Previous research on TRAIN has varied much (3,6,8,10,12,21,24,28), and Halle et al. (10) reported an improved lipoprotein profile after 4 wk in a combined intervention of a daily diet of 1000 kcal with a weekly exercise expenditure of 2200 kcal. Pate et al. (18) recommended a weekly minimum of expenditure of 1200 kcal in INT-EX, which also is a caloric expenditure reported to decrease fasting total cholesterol (TC) and low-density lipoprotein cholesterol (LDL-C) (12,23), and increase high-density lipoprotein cholesterol (HDL-C) (3,12,24). With 14 d of detraining following TRAIN, Mankowitz et al. (16) reported decreased HDL-C and increased postprandial lipemia (PPL), an independent risk factor for coronary heart disease (CHD) (19).
Patsch et al. (19) reported that susceptibility for atherosclerotic development increases when TG remain elevated for prolonged durations. Altena et al. (2) demonstrated that 30 min of INT-EX significantly attenuated PPL in acute exercise accumulation, which might suggest that CON-EX and INT-EX affect lipids and lipoproteins differently with TRAIN. Halbert et al. (9) suggested that the best exercise method for improving the lipoprotein profile was still unclear, and that the lipoprotein profile would undergo little if any change with exercise in normolipidemic populations. The effect of INT-EX in short-term TRAIN on PPL and lipoprotein subfractions has not been addressed for untrained, normolipidemic populations to prevent dyslipidemia.

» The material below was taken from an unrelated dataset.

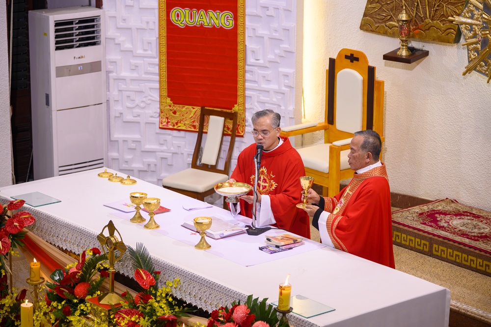 Thánh lễ do linh mục phó xứ Gioan Baotixita Đỗ Quốc Vinh chủ tế. Đồng tế với ngài có linh mục chánh xứ Phêrô, cùng với sự tham dự đông đảo của các tu sĩ, các thành viên tân - cựu Hội đồng Mục vụ và cộng đoàn dân Chúa trong giáo xứ.

Using an exercise volume of 1200 kcal·wk−1 (18), the importance of CHD prevention for normolipidemic subjects is the foundation for this research rather than studying the aged (28), obese (6), or diseased (10). Evidence exists that larger exercise volumes can improve the lipoprotein profile of diabetic subjects in 4 wk (10). This study, therefore, compared fasting lipoprotein subfractions and PPL before and after 4 wk of either CON-EX or INT-EX TRAIN in untrained, normolipidemic subjects.
METHODS
Subjects.
A total of 18 untrained, nonobese normolipidemic men (N = 7) and women (N = 11) ages 18-45 yr volunteered for the study (1). Subjects were alternatively assigned to either the CON-EX (N = 10) or INT-EX (N = 8) group as they were screened for the study. Subjects were excluded if they were participating in a regular exercise program consisting of more than 2 d·wk−1 and more than 20 continuous minutes per session, had known cardiovascular or metabolic disease, were currently smoking, were taking lipid-altering medications, were ingesting cold-water fish more than 3 d·wk−1, or were known to be pregnant. All female subjects were eumenorrheic, and all but two females reported use of oral birth control. Before participation, subjects signed informed consent documents approved by the health sciences IRB at the University of Missouri-Columbia, Columbia, Missouri.
Body composition.
Body composition was assessed using the sum of three skinfold measurements specific for males (chest, abdomen, thigh) and females (triceps, supraillium, thigh) (1). Body mass index and waist:hip ratio were also measured and calculated using known methods (1). All body measurements were made by a single assessor blinded at post-TRAIN.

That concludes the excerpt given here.